DETAILED DESCRIPTION
[0018] In accordance with the present invention, the graphics
controller functions are integrated on the same integrated circuit
substrate as the video memory, as shown in FIG. 2. A single
integrated circuit 20 has a portion of its substrate for an
advanced graphics engine 22, the circuitry which handles the
graphics controller functions and manipulates the video data. The
integrated circuit 20 also has another portion of the substrate for
a video memory 21, in the form of a DRAM. A 128-bit wide data
interface 25 connects the graphics engine 22 and the DRAM 21. The
DRAM has 7.3 megabits, organized as 56K.times.128 bits. In every
memory cycle, 128 bits are accessed which can then be multiplexed
down to the required number of bits for communication to the CPU
through a CPU interface 23 or to the display through a display
interface 24.
[0019] The integrated circuit 20 also has other interfaces, such as
an infrared interface 26 for wireless transmission of data between
the mobile computer and another device, a PCMCIA host adaptor
interface 27 for connections to devices, such as modems, hard
disks, etc., which are designed to meet the PCMCIA specification,
and a video stream interface 28 for receiving video signals from a
variety of sources, such as television or VCR signals. The video
stream interface 28 is adapted to the VAFC (VESA Advanced Feature
Connector) standards being promulgated by the Video Electronics
Standards Association (VESA).
[0020] Integrating a large block of DRAM (approximately 7 megabits)

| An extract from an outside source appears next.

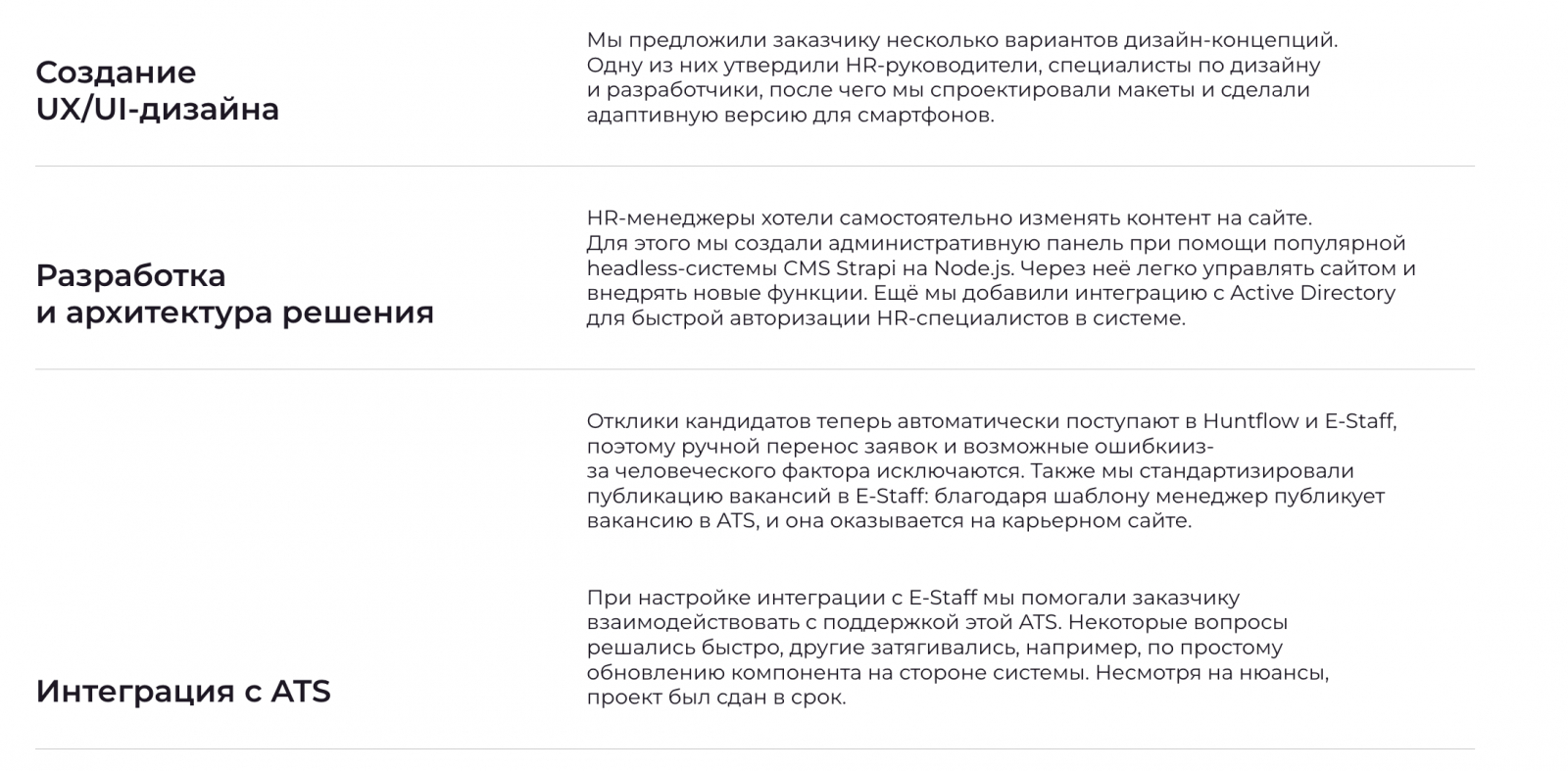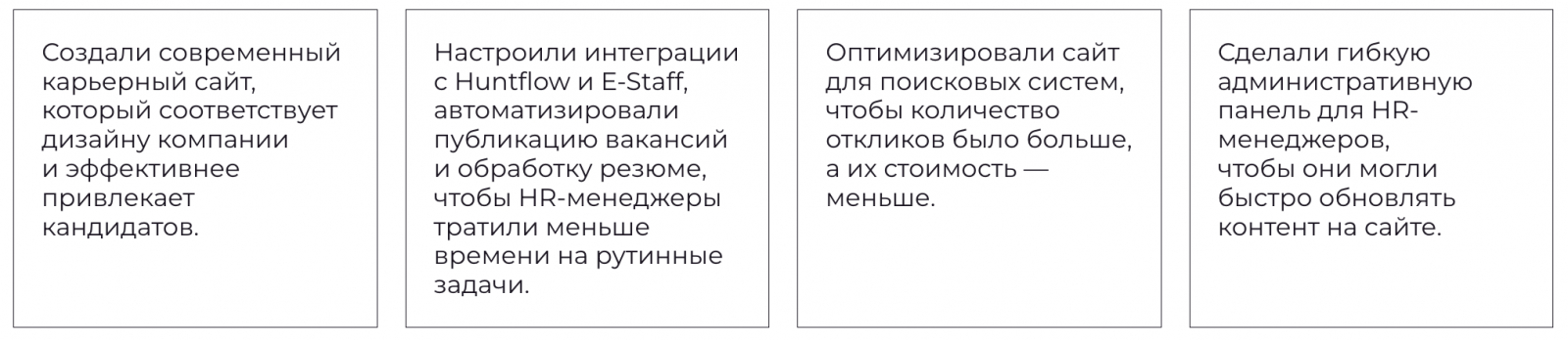 Для решения задач заказчика мы проанализировали текущую платформу, описали этапы работы в техническом задании и предложили способ автоматизации работы с сайтом. Утвердили план с клиентом и приступили к работе: отрисовали UX/UI-дизайн, разработали карьерный сайт, протестировали его и запустили SEO.

on the same substrate with a large block of logic (approximately
40K to 50K of logic gates) required for the graphics engine 22 and
various interfaces is not simply a matter of placing DRAM and logic
circuits on the same integrated circuit substrate. The optimum
technologies for a DRAM and for a logic circuit are electrically
incompatible. Hence various steps, described below, must be taken
to ensure that the performance of the DRAM circuits and the logic
circuits are fully maintained and not compromised.
[0021] An integrated circuit process used for building logic gates
uses one of the external supply voltages (V.sub.DD or V.sub.SS
depending upon the substrate type) as the voltage to bias the
substrate. On the other hand, an integrated circuit process used
for building a DRAM uses an internally generated substrate bias
voltage which is different from the external supply voltages. This
is done primarily to lower the junction capacitance of the memory
cell bit lines of the DRAM, as well as to improve the memory cell
refresh time.
[0022] For example, in commonly used CMOS technology today, the
substrate material is P-type silicon. A logic process uses the
externally supplied V.sub.SS, or ground, voltage to connect to the
substrate. The V.sub.SS line is also used in the circuit areas to
provide the ground path for current flow in the pulldown, N-channel
transistors in the logic circuits. FIG. 3A illustrates this point
with a representative logic gate, an inverter having a pull-down,
N-channel transistor 31 and a pull-up, P-channel transistor 32. The
PMOS transistor 32 has its source connected to a metal line 42 at
the positive supply voltage, V.sub.DD, and the NMOS transistor 31
has its source connected to a metal line 41 at V.sub.SS. The P-type
substrate in which the NMOS transistor is placed is also connected
to the V.sub.SS line 41. In FIG. 3A (and 3B and 4), node 30
represents a metal-to-N+ source contact and node 40 represents a
metal-to-P+ substrate contact.
[0023] Thus the same V.sub.SS metal tracks in the logic integrated
circuit serves two functions: 1) as a substrate tap every 25-50
microns across the substrate surface, and 2) as a source terminal
of the N-channel transistors of the logic circuits. The substrate
taps are necessary to protect the circuits from going into a
latch-up condition during operation, since each logic gate has both
N-type and P-type transistors.
[0024] In a CMOS DRAM, however, the typical DRAM array is built
with only N-type transistors and capacitors, and a major goal is to
minimize the parasitic capacitance of the memory bit line. Since
the N-type bit line junction areas contribute to a majority of the
bit line capacitance and since the junction capacitance is greatly
reduced by a reverse junction bias voltage, the P-type substrate is
typically biased at -1.5 volts, termed V.sub.BB. This voltage is
generated from an on-chip charge pump and thus has a limited
capacity and a high output impedance. This results in the substrate
voltage being relatively "noisy" due to the precharging and
discharging of the large junction areas associated with the memory
array, that are capacitively coupled to the substrate.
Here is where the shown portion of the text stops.